Anatomy of a Murder (1959) Filming Locations

Location #1: Peninsula Bank


100 South Main Street, Ishpeming, Michigan, United States

Location #2: J.C. Penney Company


Corner of South Main Street & Cleveland Avenue, Ishpeming, Michigan, United States

Note from the Webmaster: The building was torn down in 2011.

Location #3: The bar


108 South Main Street, Ishpeming, Michigan, United States

Location #4: Paul Biegler’s home


205 West Barnum Street, Ishpeming, Michigan, United States

Location #5: Paul meets Laura

anatomyofamurder04A anatomyofamurder04B

234 West Baraga Avenue, Ishpeming, Michigan, United States

4 thoughts on “Anatomy of a Murder (1959) Filming Locations

  1. David Lawrence

    There were actually two scenes filmed at the C&NW depot in Ishpeming. The one shown in the photo was the second, at which the Army psychiatrist arrives to testify at the trial.
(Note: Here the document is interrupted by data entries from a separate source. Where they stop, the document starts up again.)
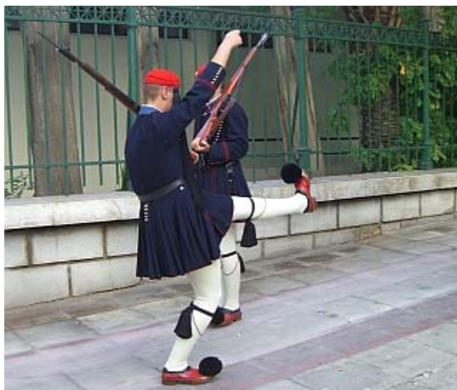
Seltsame Übungen machen diese Herren
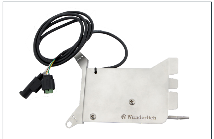
Verhindert zuverlässig den Diebstahl des Navis. Anschluss: Plug and Play
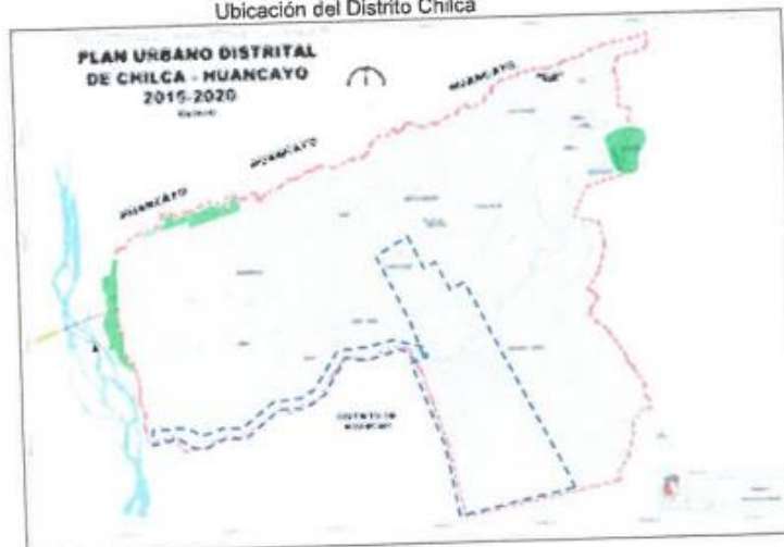
Figura 1 Ubicación del Distrito Chilca

La figura 1 muestra la ubicación del Distrito de Chilca, mientras que la figura 2 muestra en detalle la ubicación del área de influencia del proyecto.
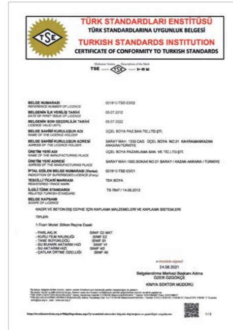
TSE (Su Bazlı Dış Cephe Boyaları)
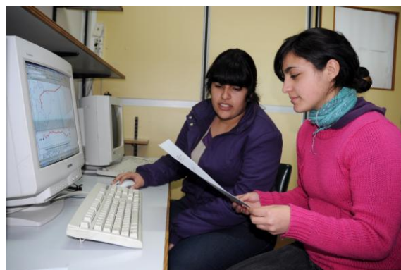
Experiencias didácticas 2009. Exactas, CABA.
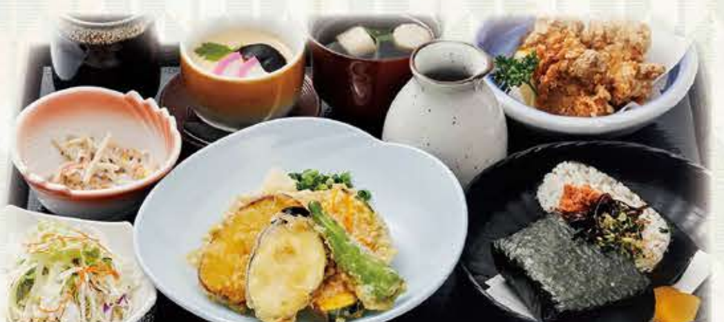
さんぞくや名物定食 (コムスピ、骨なし唐揚、揚出しトーフ) 1,280円 税抜 1,408円(税込)
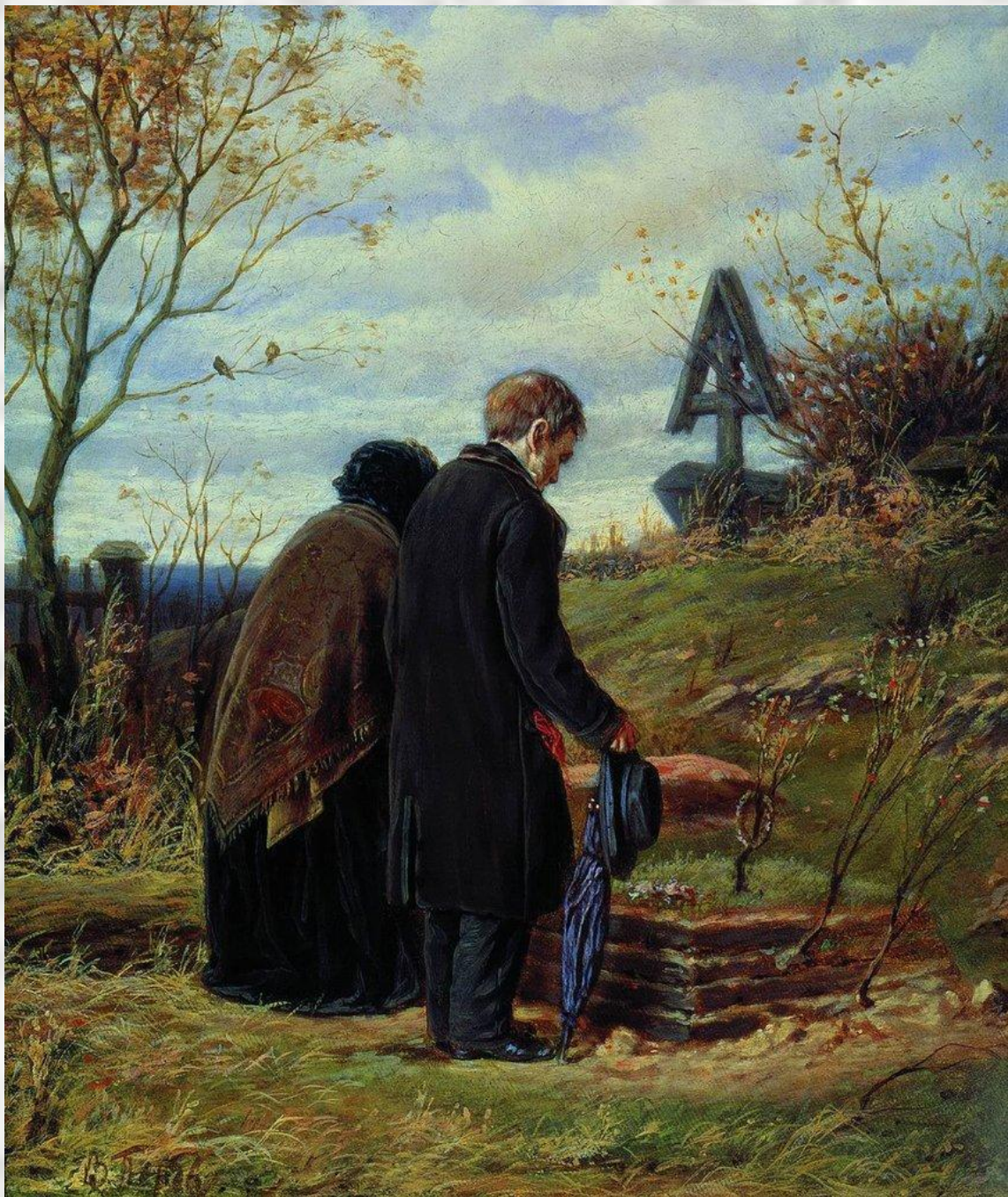
Василий Перов. Старики-родители на могиле сына. 1874. Холст, масло. Третьяковская Галерея, Москва, Россия.

The first showed the defendant, Lieutenant Mannion, arriving back from his psychiatric interview in Detroit. This one was quite a bit longer, showed the interior of the depot, and the departure/arrival board mentioned in an earlier post.

    It neither case was it mentioned (or explained) that we were looking at a train from Chicago–when both characters were arriving from Detroit. And indeed, that wouldn’t have added anything to Preminger’s movie; it just would have sent railfans like us scurrying to our timetables from that era.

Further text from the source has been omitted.